Is “Foodie” Becoming a Badge of Shame?

For some time now, I’ve been known as “The Frugal Foodie,” and I even had it embroidered on my Chefs de Cuisine of San Diego chef’s jacket.  However, after  serious consideration, I’ve changed my moniker from “The Frugal Foodie” to the “Gonzo Gourmands.”  For several years, there has been a lot of discussion online and in print about the term “foodie” becoming a slur.  (Actually, I’ve heard the same applied to the term “celebrity chef,” and I will go further into that on a different blog installment.)  At first, I viewed this usage of “foodie” like Anthony Bourdain‘s “Kitchen Confidential” Les Halles crew calling the outer boroughs and NJ patrons the “bridge and tunnel crowd.”  Not so much being disdainful, but rather a time-tested categorization for a certain type of patron with a predictable set of preferences.

I assumed that the majority of people casting these aspersions were wealthy culinary elitist snobs. And, I could easily understand why some people in the industry were inwardly bristling at self-proclaimed “foodies.”  Unfortunately, some foodies think they know it all because they watch the Food Network, Bravo Channel’s Top Chef, and bought all “the best” home kitchen equipment touted by the Food Network or a sales associate at Macy’s.  Heck, these people make me wince!  But the vast majority of people in the industry are truly appreciative of the booming interest in great food, and chefs are happy that the spotlight is shining more on the “BOH” (back of house) more than the “FOH” (front of house) staff these days.

But still, I see the word “foodie” is quietly becoming a condescending slur for uninformed food faddists or celebrity chef chasers who rely on mass market branding and expensive prices as a measure of quality.  And no, it’s not some snobbish pronouncement by the upper echelon of the wealthy culinary elite.  If anything, it’s the exasperated sigh of sweaty, sleep-deprived chefs in the trenches without a TV show, book tour, or chain of restaurants.  At the mere utterance of the word “foodie,” I’ve seen industry people  make eye contact with each other and roll their eyes.  But don’t get offended.

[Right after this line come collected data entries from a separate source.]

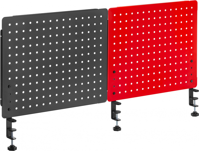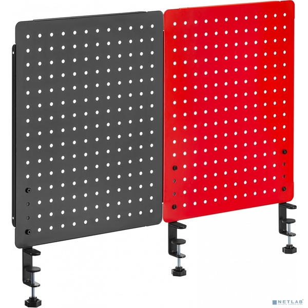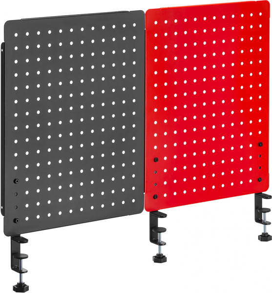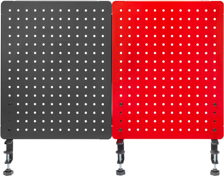 - Двойная перфорированная панель на струбцине для организации рабочего пространства на столе, цвет черный + красный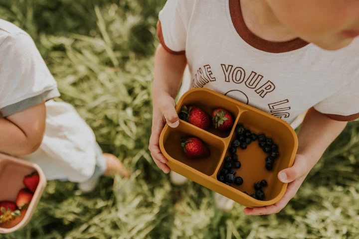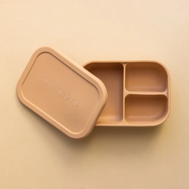 Boîte bento avec couvercle refermable. Silicone alimentaire sans BPA. Laver avec du savon et un chiffon mouillé ou au lave-vaisselle. Allant au micro-ondes et au congélateur. Idéal pour transporter les diner dans la boîte à lunch.
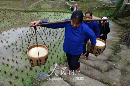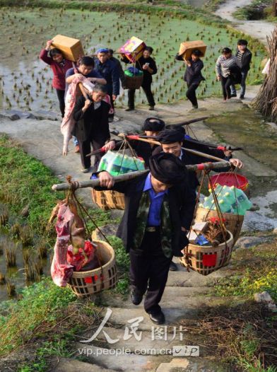 11月17日,新娘家的亲戚朋友挑着贺礼前往新娘家庆贺。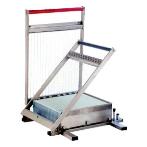 Предназначена для резки мармеладных, суфлейных и бисквитных пластов на сегменты заданных габаритов. Регулировка габаритов заготовки пошаговая, то есть происходит за счёт снятия струн. Таким образом увеличивается шаг.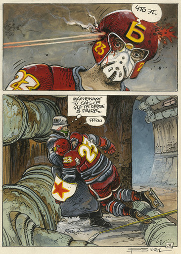 So here is Alcide Nikopol casting his eye-beams upon an unfortunate ice-hockey player whose identity he intends to usurp. I must explain that in this first book of the ‘Nikopol Trilogy’, the character is possessed by an alternative personality in the form of the renegade god Osiris Horus, after the Egyptian pantheon stranded their pyramidal starship over Paris… Horus went renegade because he disagreed with the pantheon’s policy of negotiating with the French theofascist regime about refuelling rather than just taking it by force.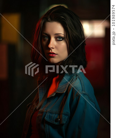 Colorful stylish portrait shot of a beautiful woman - made with generative AI tools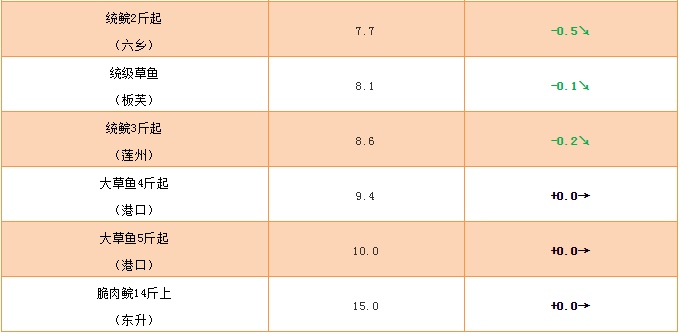 大草魚:本周大草魚價格保持穩定,繼續處于高位,脆肉鯇大部分已定塘,需求稍有回落。但現階段脆肉皖市場需求大,且存塘量少,養殖戶惜售,預計在脆肉鯇行情未回落前,價格將會保持高位。同時,近期天氣炎熱,需要注意底改消毒,持續高投喂率更需注意內服強肝健腸,預防肝臟負荷導致死魚。

What I had at first perceived as a sardonic smirk and dismissive air, should have been more accurately  interpreted as a grimace of exasperated resignation.

Really great food is tirelessly being crafted by passionate, hard-working chefs in small neighborhood restaurants all over this country.  And keep in mind that many of them do it out of love for their craft, and not for the money.  U.S. Dept. of Labor statistics show that the median wage for a head cook or chef in May 2010 was less than $41,000 per year.* Let that be a warning to teens who think they are going into the culinary field for the big bucks.

Like in professional sports, reaching that top percentage of income earners takes a lot of extraordinary work and dedication. Wolfgang Puck, Jeremiah Tower, Thomas Keller, Daniel Boulud, Mario Batali, and Tom Colicchio  did not rise to culinary heights by going from culinary school to a TV show competition. Unless you are prepared for a long term commitment to long nights, weekends and holidays, then I wouldn’t sign up for one of those culinary programs to rack up a debt of up to $70,000.  Especially when most entry-level chefs jobs will run $10 – $15 per hour!

So, to distance myself from the uninformed “foodie” herd, I have coined the term “Gonzo Gourmands.”  I don’t mean “gourmand” in a gluttonous sense, but to mean someone who has a healthy interest in all food.  And as much as for the alliteration, I added “gonzo” to mean an adventurous person, or someone who is not shy in their appreciation for all kinds of food.  Gonzo Gourmands are not squeamish about their food being attached to bones or having a face.  I don’t mean to say that we are proponents for the extreme exotic fare seen in the early episodes of Travel Channel’s “Bizarre Foods” with Andrew Zimmern or even Anthony Bourdain’sA Cook’s Tour,” the precursor to his “No Reservations” and “The Layover.”  However, Gonzo Gourmands are appreciative of the efforts made by Andrew Zimmern, and chefs like Fergus Henderson, Chris Cosentino, Mario Batali, Gabrielle Hamilton, and Donald Link.  These chefs have been on the forefront by putting some “low on the hog” cuts and offal onto the menus of higher end, and hopefully, more mainstream restaurants.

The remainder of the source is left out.